Doğum ve ölüm tarihinden de anlaşıldığı gibi Dostoyevski hayatının en verimli çağında 60 yaşında yakalandığı ve atlatamadığı halk arasında Sara diye biline tıpta dilinde de adı Epilepsi hastalığına yakalanır ve bu hastalıktan kurutulamayarak hayata gözlerini yumar.

Çok genç yaşta yazmaya başlar çokta çileli bir yaşamı vardır yazarın sık sık Sara nöbetine yakalanır  5 yıl cezaevinde yatar idamdan  kıl payı kurtulur ama yazıdan hiç kopmadığı görülmekte ve hayatına 15 kitap sığdırır.15 kitabı da onlarca dile çevrilerek  dünya klasikleri arasında  yer almaktadır.

Romanın hikayesine gelince roman bir aile dramından yola çıkarak başlar,aynı kadına baba ve oğulun aşık olduğu güzeller güzeli Grunişka  babaya aşık değildir oğluna aşıktır ama baba bir türlü peşini bırakmaz Grunişko’nun.Karamazov kardeşlerin  üçünün de öksüz, ailesiz ve sevgisiz   büyümesi bu kadar da olamaz denilecek kadar çarpıcıdır ve üç kardeşin  hayat hikayeleri birbirinin zıttı içinde devam eder.İvan öksüzler  herkesle akraba olur  diye tanımlar.

Roman  baba Fiyador Povloviç’in iki eşinden  üç oğlu var birisi ilk eşinden olan  Dimtri Povloviç ve ikinci eşinden olan iki oğlu  Alyoşa veİvan’r.Romanın  baş karakterleri üç karamazov kardeşler ile   babaları yer alırken. Romanın kadın baş karakteri ise  güzelliğiyle nam salan  erkekleri peşinden koşturan   Grunişenka etrafında örüldüğünü görüyoruz. Grunişka o kadar güzel bir kadın ki yargılayan hakimler bile güzelliğinden etkileniyor ve  Grunişka’yı dinlemekten çok ona  bakmaktan gözlerini alamıyorlar.

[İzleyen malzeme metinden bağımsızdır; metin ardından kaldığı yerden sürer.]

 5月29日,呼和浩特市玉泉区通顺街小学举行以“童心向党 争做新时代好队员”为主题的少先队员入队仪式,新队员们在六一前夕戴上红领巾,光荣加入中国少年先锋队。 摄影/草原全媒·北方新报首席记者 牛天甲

Baba povloviç  zampara bir adam her akşam içen kadınlarla eğlenen mutlaka biryolunu bulup para kazanmasını da beceren bir özeliğe sahip.

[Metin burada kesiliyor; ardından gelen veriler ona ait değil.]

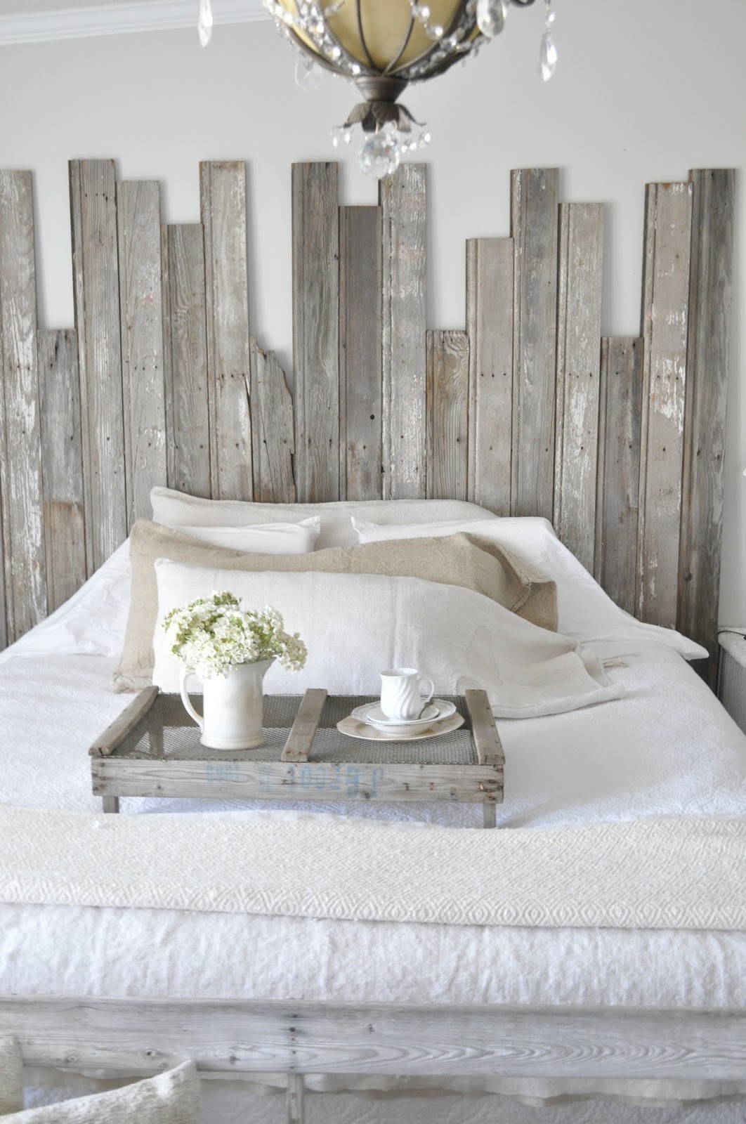 Such as, our headboard…made from reclaimed barnwood. It serves as

Ölünceye kadar  hizmetçisi olan bir mal varlığına da  sahip birisi.

 Povloviç cimri mi cimri ama öldüğünde üzerinden yüz bin ruble çıkar böylesi de bilinmeyen  bir kirli çıkı.

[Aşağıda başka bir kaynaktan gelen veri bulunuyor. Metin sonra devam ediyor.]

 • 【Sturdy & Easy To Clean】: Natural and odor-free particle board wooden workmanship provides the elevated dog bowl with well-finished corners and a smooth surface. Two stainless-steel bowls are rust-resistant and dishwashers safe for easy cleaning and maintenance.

Povloviç’in  ilk karısı  Adelayda İvanovna çok küçük yaşta anne olan bir kadındır bu kadınla Povloviç sekiz yıl evli kalır ve Dimitre adında bir erkek çocuk verir ama genç yaşta da ölür. Povloviç kadınların duygularına hitap etmesini bilen ağzı da laf yapan birisi  ilk karısının yaşı küçük olması da bir avantajdır ve kızı kendine bağlamasının bir yolunu bulur ve evlenir.

Pavloviç para düşkünü biri ve para konusunda çok ta merhametsizdir.

 ilk eşi genç yaşta yakalandığı hastalıktan kurtulamaz ve  ölür, Pavloviç  ilk eşinden olan  Dimitri’ye annesinden kalan yüklü  mirası vermemek için çevirmediği dolap  kalmaz.

Povloviç ilk karısından olan annesi ölen Dimitri’yi   bir aile yanına alır.  Pavloviç boş durmaz  ve kısa bir süre sonra ikinci  eşi Sofya İvanova isiminde güzel bir kıza gönlünü  kaptırır  kız papaz yardımcısının kızıdır. Papaz yardımcısı kızını  pavloviç ile evlenmesini istemez ama kız babasını dinlemez ve Pavloviç ile evlenir.

Pavloviç’in ikinci karısı İvanovana iki erkek çocuk dünyaya  getirir o da genç yaşta  sinir hastalığına yakalanır sık sık havale geçirmektedir İvan bir  Aleksi  üç yaşında iken anneleri ölür.

Bu iki kardeşi İvan ve Aleksi’yi Annesinin evlatlık oldukları generalin karısı alıp götürür ve büyütür iki kardeşi.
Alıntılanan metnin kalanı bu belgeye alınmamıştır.